Is there a diagonalizable matrix $A \neq B$ such that $e^A = e^B$?

Question

Is there a diagonalizable matrix $A \neq B$ such that $e^A = e^B$?

My initial thought was that if this is possible, then $$ e^A e^{-A} = e^B e^{-A} $$ so $$ I = e^B e^{-A}. $$ This means the statement is true if there exists a nonzero matrix $C$ such that $e^C = I$. But is this possible?
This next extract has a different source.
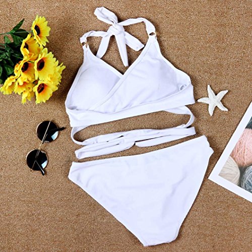 SHOBDW Conjunto de Mujeres Bikini, Sexy Push-up Rellenado Traje de baƱo Vendaje de Ropa de Playa (Blanco, M)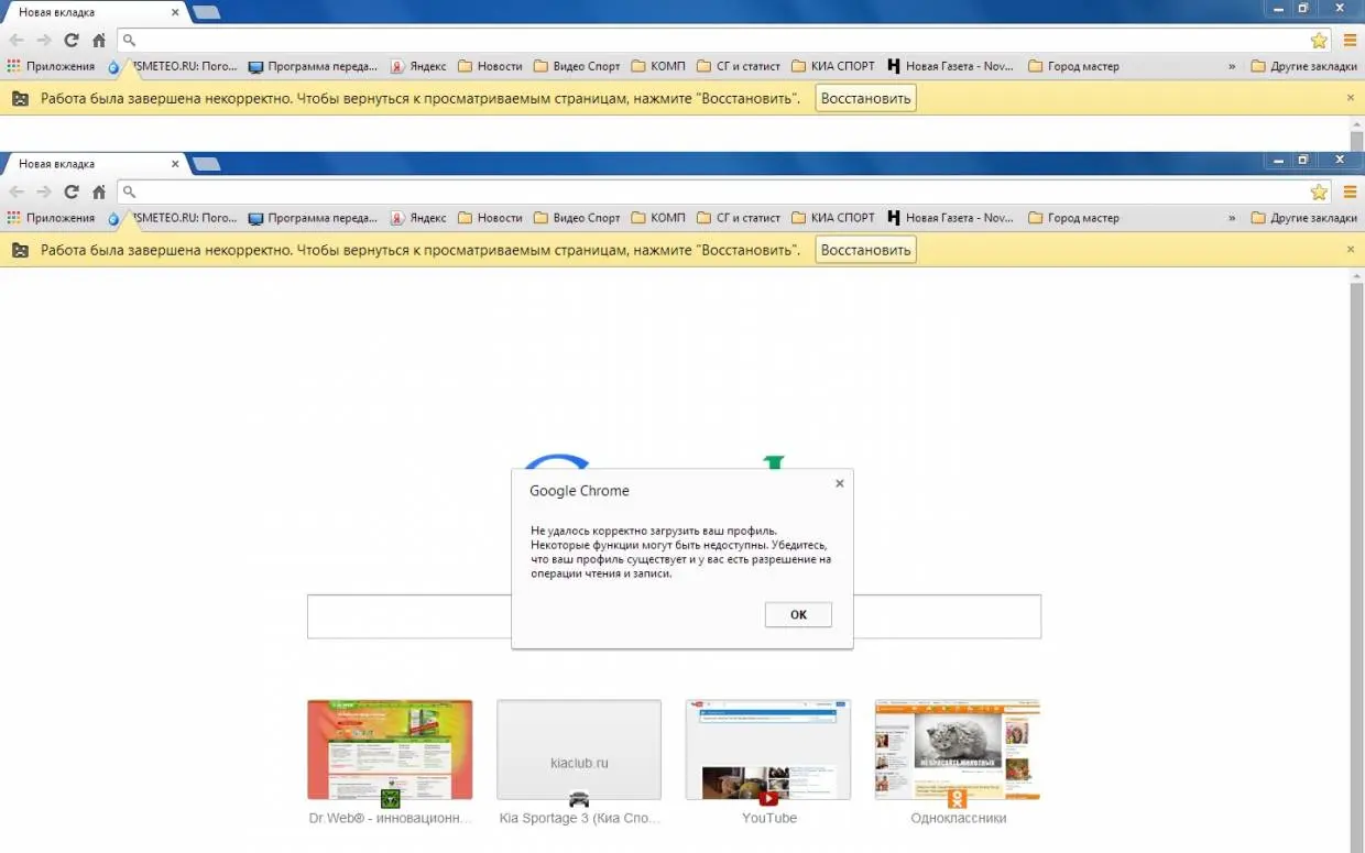 1. После переустановки ХР на 7ку гугл открывается сразу в нескольих окошках внизу, причем правильно открыто только первое левое а при пуске остальных пишется сообщение см вложение. После выключения Гугла а затем повторного включения Гугл не открывается. После перезагрузки процесс повторяется. Закрываю все внизу окошки и работаю только с последним левым. Подскажите как исправить.

My intuition tells me no, but how can it be proved?

Answer 1

If by diagonalizability, you mean diagonalizability over $\Bbb C$ of real (or complex) matrices, we have $$\exp \pmatrix{0 & -2 \pi k \\ 2 \pi k & 0} = I_2$$ for all integers $k$.

On the other hand, if one insists on diagonalizability over $\Bbb R$ of real matrices, the answer is no, as for any real diagonal matrix $\Delta$ with diagonal entries $\lambda_a$, $\exp \Delta$ is diagonal, with diagonal entries $\exp \lambda_a$, so $\exp \Delta = I$ implies that $\Delta = 0$.

It follows from the transcendence of $\pi$ and the fact that $\ker(\exp: \Bbb C \to \Bbb C) = \{2 \pi i k : k \in \Bbb Z\}$ that there are no examples of rational matrices diagonalizable over $\Bbb C$ with the claimed property.

Answer 2

You can have the $1\times 1$ matrices $[0],[2\pi i]$.

Answer 3

You can have the $2 \times 2$ matrices $I=\left[ \begin{array}{cc} 1 & 0 \\ 0 & 1 \end{array} \right]$ and $J=\left[ \begin{array}{cc} 0 & 1 \\ -1 & 0 \end{array} \right]$, compare $aI+bJ$ and $aI+(b+2\pi k)J$ for any $k \in \mathbb{Z}$.